A lui, i familiari di don Tonino e la fondazione don Tonino Bello , assicurano il ricordo nella preghiera. Ai suoi familiari il conforto e l’affetto di sempre.

Pubblichiamo il testo che Mons. Giancarlo Perego, arcivescovo di Ferrara e Comacchio ha inviato in occasione delle esequie di Paolo, celebrate in cattedrale il giorno 3 agosto scorso. Pubblichiamo anche il saluto degli amici di Pax Christi di Cremona.


Paolo sentiva il mondo come una fraternità. Fratelli tutti. Ha lavorato in Bosnia e in Kosovo per ricostruire non solo le case, ma anche le relazioni, che le guerre distruggono, con passione e impegno.

Ripudiava la guerra da cittadino italiano, e da cristiano considerava ingiusta ogni guerra, ma si è impegnato anche vicino a chi la guerra l’aveva subita, chi aveva perso tutto, casa e affetto, lavoro, per la violenza irrazionale.

Paolo è stato un uomo di carità e di pace. Una testimonianza di attualità che non possiamo disperdere, ma comunicare: come una luce che si mette sopra il moggio e non sotto, facendo nostra l’immagine evangelica.

Caro Paolo, ora sei in pace e con il Dio che è la nostra pace.

Preparaci un posto.

+Gian Carlo, arcivescovo


Caro Paolo,


Siamo i tuoi amici di Pax Christi Cremona.
Sei stato tu a portare questo movimento cattolico internazionale per la pace nella nostra città perché la pace è sempre stato un anelito profondo della tua vita.
Ci hai accompagnato per vari anni con la tua esuberante intelligenza, con una generosità che ti portava ad esporti sempre in prima persona sulle frontiere dell’educazione alla pace nelle scuole, nei progetti di cooperazione internazionale in Africa, nelle pratiche della nonviolenza attiva.


Era il tempo della guerra nei Balcani e tu, in Kosovo, con la Caritas, lavoravi per tessere spazi di convivenza e riconciliazione tra i gruppi e le comunità che avevano sperimentato la divisione e la violenza delle armi. Hai sempre restituito con misura abbondante tutti quei doni e risorse che la vita ti ha elargito. Tu ci precedevi sempre nel pensiero, nella visione, nell’organizzazione e ci segnavi la strada da percorrere.

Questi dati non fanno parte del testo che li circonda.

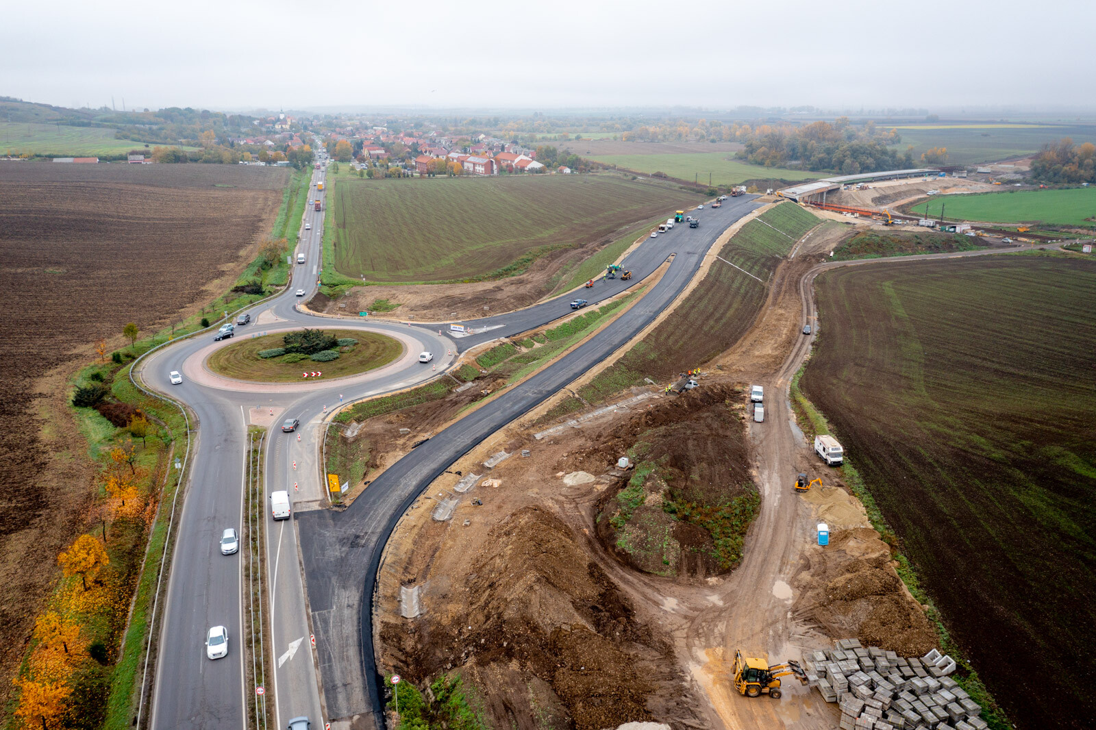 A szakasz elején és közepén megindult a pályaszerkezet építése is, és a CKt réteget követően már az aszfalt alap- és kötőréteg próbaszakaszok készültek. Mindemellett ideiglenes út is épül: a 27-es útnál elkészülő körforgalom átadásához van szükség egy terelő út kialakítására az építkezés idejére, itt szintén elindult a kivitelezés. Emellett a 2606-os út körforgalmának földmunkái is elkezdődtek. Az építkezés a forgalmat 2023 tavaszáig ezeken a helyszíneken várhatóan nem fogja befolyásolni.

Avevi come motto “agire localmente e pensare globalmente” perché in un mondo interconnesso sapevi che non si può separare la realtà vicina da quella lontana, chi è italiano da chi è straniero, il cristiano da chi ha un’altra religione. Siamo tutti un’unica famiglia umana e “fratelli tutti” come dice papa Francesco e questo era anche il tuo sogno.
Che diventava realtà nel tuo impegno nella Campagna internazionale per i diritti umani in Sudan; nella Banca Etica per una finanza giusta e responsabile centrata non sul profitto, ma sul bene comune, la sostenibilità sociale e ambientale; nel tuo sforzo di declinare la pace nelle realtà amministrative del territorio e nelle attività di pressione verso le istituzioni politiche.


Ci lasci un’eredità di grandi valori e impegni. La tua morte ci ha colto all’improvviso e ci addolora tantissimo. Sappiamo però, che nel mistero della fede e della Comunione dei Santi resti vicino a noi e ci accompagni sulla via della pace.


Ci siamo detti tante volte, nei vari momenti di preghiera insieme, che la pace è trainata nella storia dalle persone che l’hanno testimoniata.
Per questo, continueremo a osare la pace per fede, nonostante le tante guerre e ingiustizie perpetrate su persone innocenti e popoli da parte delle strutture di peccato che dominano il mondo.
Caro Paolo, ti chiediamo di camminare in cordata spirituale con noi come in passato.


E la pace sia per sempre con te e con tutti noi.